We were the last generation to have all walked into schools without metal detectors. We still looked forward to a line-up of four good natured T.V. shows on Friday nights as the signature event of the week. We were the last to answer phone calls without knowing who was calling, to not be able to get a hold of someone directly, and to call a girl’s house and have to ask if so-and-so is available. We were the last to grow up and not be able to check where everyone is at any given time. We were the last to memorize phone numbers. We were the last to have to make detailed plans to meet up with a group and not be able to just call someone when you couldn’t find the meeting point or were running late.

We wrote notes the night before school and folded them perfectly and then had to wait until the morning to deliver them. And we even did it face to face (most of the time). We were the last to have blank cassette tapes ready to record music off the radio. We were the last to make mixed tapes. We were the last to go to drive-in movie theatres and theatres that weren’t in malls.

We were the last to have to ask another person questions about puberty and sex. We were the last to have to call friends or wait until school the next day if we forgot what our homework assignment was. We were the last to write papers longhand. We were the last to assume our parents would give the final word to the teacher. We were the last to depend on our parents and older siblings’ CD collection for music. We were the last to buy CD’s at a store, and for that matter, the last to have to own a song to listen to it. We were the last to have cords attached to controllers and computers that weren’t portable. We were the last to live in houses that didn’t have a computer at all. We were the last to use VCR’s and not be able to watch a T.V. show on our time schedule. We were the last to have to wait to tell someone something. We were the last to see a paperboy. We were the last to depend on our parents and trusted friends for answers. And we were the last to take someone’s word for it.

Kids today have so many advantages brought about by advancements in technology. I can no longer imagine living in a world without the internet. It is such a vital part of my daily life, but I feel lucky to have lived in a world before it, if for no other reason than to be able to compare the two worlds. But it is much more than that. I feel lucky because of all the things I didn’t have to do. I didn’t have to express and interpret emotions in emoticons. I didn’t have to wade through, or surf, through the internet at such a vulnerable age. I didn’t have to worry about being bullied even when no one was in sight. I didn’t have to learn at such a young age how few people can really be trusted fully. And I didn’t have to ask questions after getting answers.

And I could just play without having to feel like I was missing out on something--like the world was going on without me online.

People will always be owned by possessions, but now we are owned by a need to know and be in the know. We are owned by our fear of missing something.

Furthermore, technology has taken a complicated world and made it sophisticatedly complicated. It also made it possible to inflict harm in crueller and more sinister ways. Schoolyard fights were largely on the way out by the time I hit school, and I am not an advocate for physical violence by any means. However, which is worse: a fight on the playground or a public slandering on the web?

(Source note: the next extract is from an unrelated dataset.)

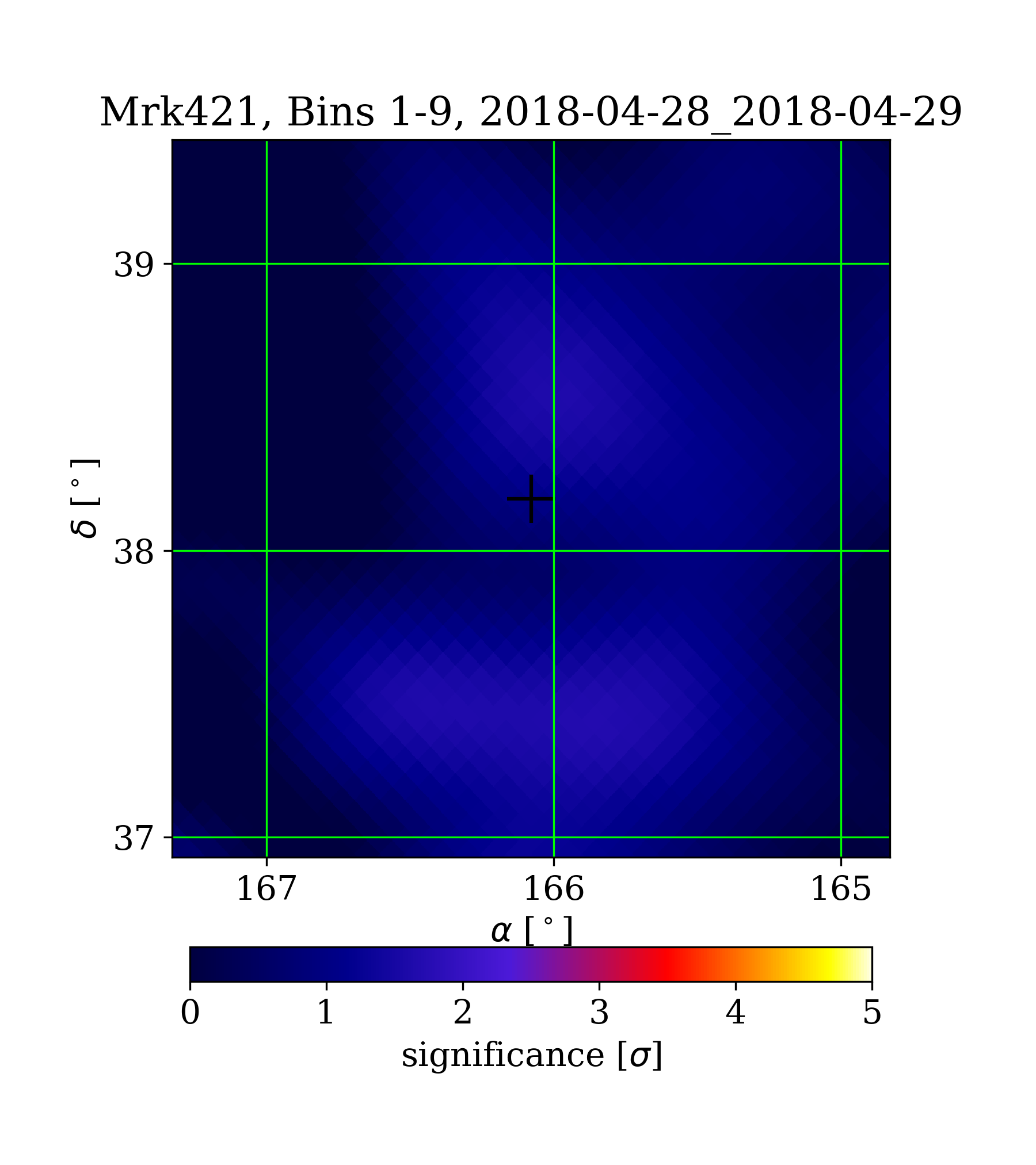 | Min: | -2.10 | (167.35 deg, 39.41 deg) | | Max: | 1.72 | (165.86 deg, 37.41 deg) | | Significance at Mrk421: | 1.13 | (at Mrk421) |

So many of the issues today have ties to technology, and specifically the internet. We give kids all the information and technology to be independent and mature, and we give them all the tools to communicate in such a manner, but we often fail to teach them how to communicate. Technology progressed and progressed and it all happened faster than parenting, teaching, and even the law could keep up with. We made a world that allows kids to talk incredibly easily and preferably without seeing each other. We put to rest the hallmarks of our own childhood for the sake of progress. Somewhere along the way it was forgotten that you can’t rush youth, and you shouldn’t try.


I grew up in the last generation before the internet-- a time when you had to talk to people landline to landline, paper note to paper note, face to face.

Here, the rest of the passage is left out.